Recorded information:
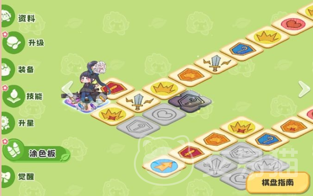 想要快速提升战力,必须重视填色板系统的运用。每位角色都配有专属填色板,通过消耗“蜡笔”道具进行填充可提升全队属性。其中金色蜡笔带来的增益最为显著,但获取极为困难——即便购买50元月卡,通常也需要三到五天才能积累一枚。对于非氪金玩家来说,获取周期更长,因此建议前期使用紫色或绿色蜡笔作为替代方案,逐步推进角色成长。
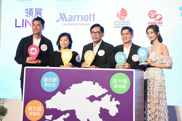 左起:藝人王敏德、旅發局副總干事葉貞德、領展執行董事及行政總裁王國龍、萬豪國際集團亞太區總裁何國祥及藝人岑麗香一同為游樂團揭開序幕。記者馮瀚文攝
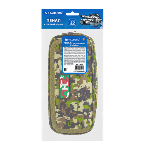 Пенал BRAUBERG для мальчиков, 1 отделение, органайзер, мягкий, "Military", зеленый, 21х5х9 см, 228990
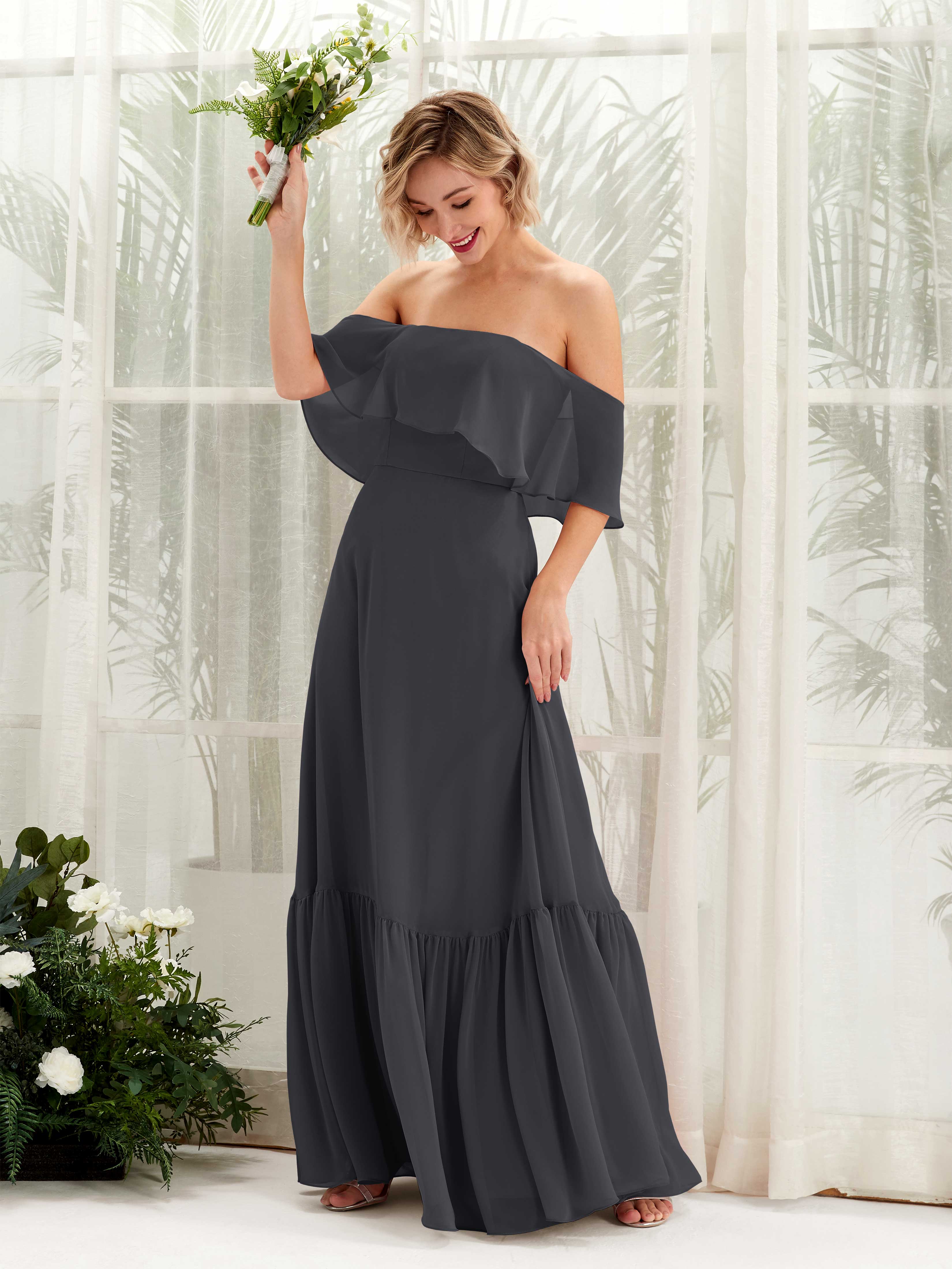 Carlyna Joie A-Line Steel Gray Bridesmaid Dress Maxi Sleeveless Off the Shoulder Dress Front View

Task goal:
The full text of the data above, exact and without pictures, is what to return.

Solution to this problem:
 想要快速提升战力,必须重视填色板系统的运用。每位角色都配有专属填色板,通过消耗“蜡笔”道具进行填充可提升全队属性。其中金色蜡笔带来的增益最为显著,但获取极为困难——即便购买50元月卡,通常也需要三到五天才能积累一枚。对于非氪金玩家来说,获取周期更长,因此建议前期使用紫色或绿色蜡笔作为替代方案,逐步推进角色成长。
 左起:藝人王敏德、旅發局副總干事葉貞德、領展執行董事及行政總裁王國龍、萬豪國際集團亞太區總裁何國祥及藝人岑麗香一同為游樂團揭開序幕。記者馮瀚文攝
 Пенал BRAUBERG для мальчиков, 1 отделение, органайзер, мягкий, "Military", зеленый, 21х5х9 см, 228990
 Carlyna Joie A-Line Steel Gray Bridesmaid Dress Maxi Sleeveless Off the Shoulder Dress Front View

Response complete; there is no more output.